Don Z. Block Gr’77 Malvern, PA
Wishing Trump Well
I read the letters regarding President Trump in the Jan|Feb issue of the Gazette. President Trump mentioned many times in his campaign how proud he was of his Wharton degree.
I feel the same way about my 1959 Wharton degree, and from a fellow Wharton graduate, I want to wish him well in his presidency as he begins his term to be the president of all Americans, including those have had no voice and have been forgotten, as he strives to make America great again. I believe he means exactly what he says, and will accomplish his admirable mission.
Murray P. Hayutin W’59 Cherry Hills Village, CO
Advice from a Wharton Grad Clinton Supporter
Thank you for publishing letters from readers concerning the US presidential election. One was from a Wharton graduate who was clearly a Trump supporter and who ended his letter with the aphorism: The truth shall set you free. I also graduated from Wharton, but I do not want the readers to think that all Wharton graduates support Trump. I supported Clinton, who I came to respect when I worked on the Clinton Health Care Reform effort.
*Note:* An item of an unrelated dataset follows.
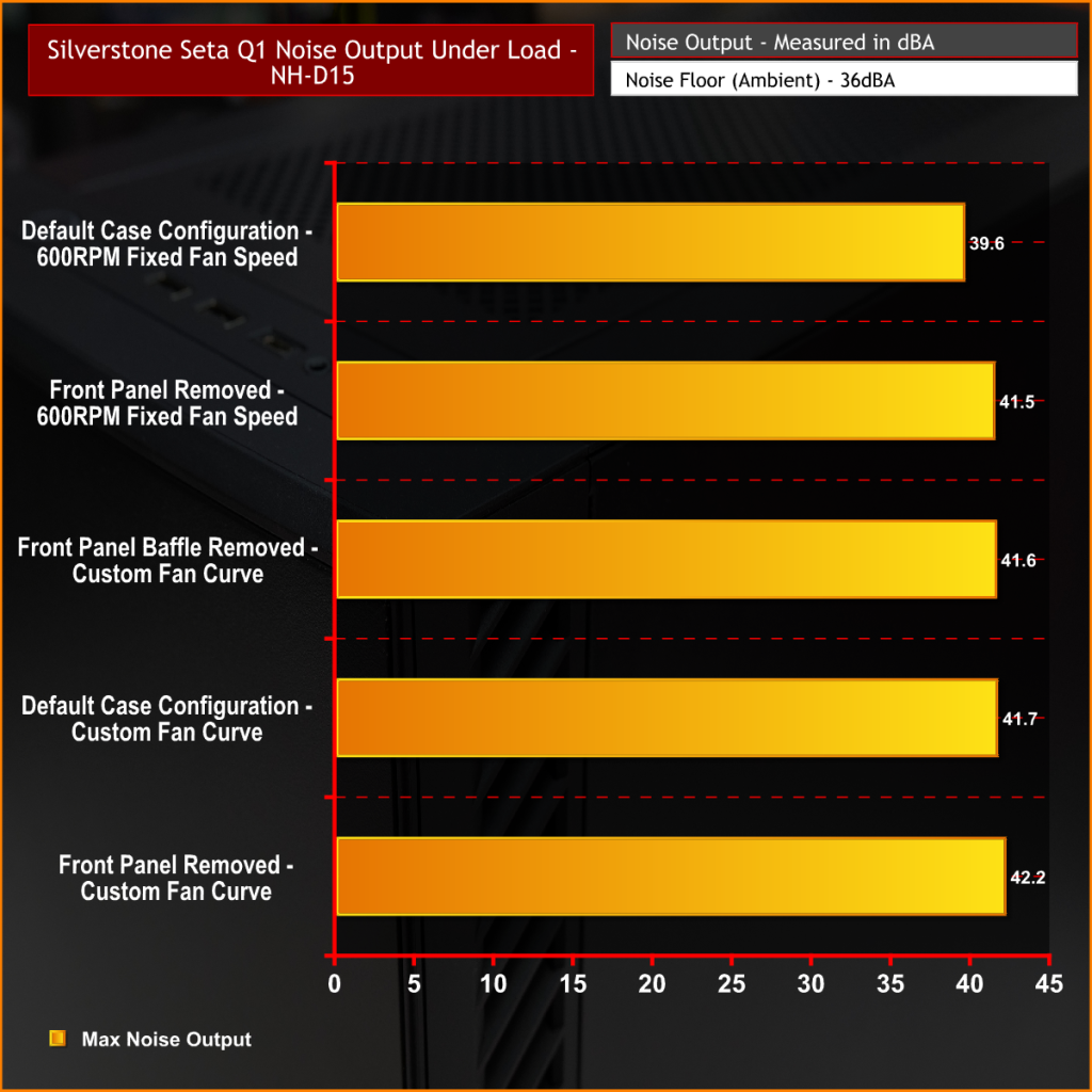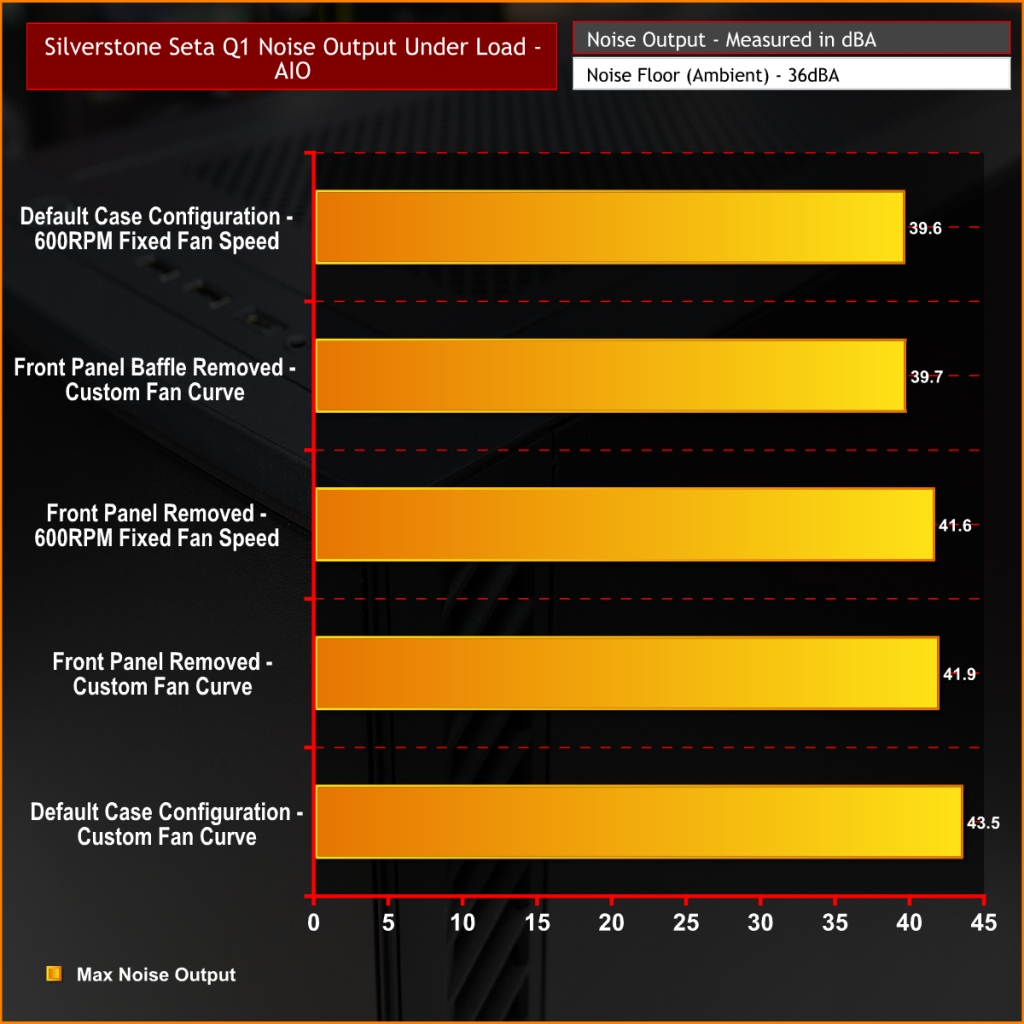 Normally in a case designed for positive front airflow, we would see around 2-3°C drop in CPU temperature at most when running our ‘front panel removed test'. But with the Seta Q1, removing the front panel reduced CPU temperature by a massive 11°C with a custom fan curve. This meant that the fan didn’t have to ramp up the RPM and therefore the case was much quieter when the front panel was removed, which in this scenario defeats the object of having a solid “low noise” front panel.

I offer to all those who support Trump two simple aphorisms: (1) Be careful what you wish for; and (2) Don’t believe everything you think.
Albert Woodward WG’73 Bethesda, MD
Face the Trump Phenomenon Head On
Now that President Gutmann has released a statement of concern about President Trump’s polices toward refugees [“Gazetteer,” this issue], I urge the Gazette to do an in-depth feature, or collected writings issue, about Donald Trump and his relationship to the University. To date, he has been largely ignored by alumni affairs and (y)our beloved publication. Trump is viewed by some as the 300 pound gorilla of intolerance in the room, who touts his intelligence evidenced by a two-year stint at the Wharton School—from where, allegedly using his father’s financing, he emerged with a reputation, unfair or not, as a slumlord. Stories about his bullying behavior circulated when I was a Wharton freshman in 1968. A large contingent of the Wharton community signed a document prior to his election rejecting Mr. Trump’s various statements and policies.
Alumni may agree with none, some, or all of Trump’s language and policy directions, but the swirling questions about his temperament, competence, and truthfulness can’t be ignored. To do so impinges the reputation of the Gazette as a thoughtful and intelligent publication of the highest quality. There is real fear across the nation at multiple levels. Many of our friends and some cherished ideas feel hurt or appear denigrated. Reasoned discourse about law and the public good, for which the University is famous—it’s partly embedded in our motto, Leges sine moribus vanae (laws without morals are useless)—seems to be ignored. Many of us as students of history and culture are deeply concerned.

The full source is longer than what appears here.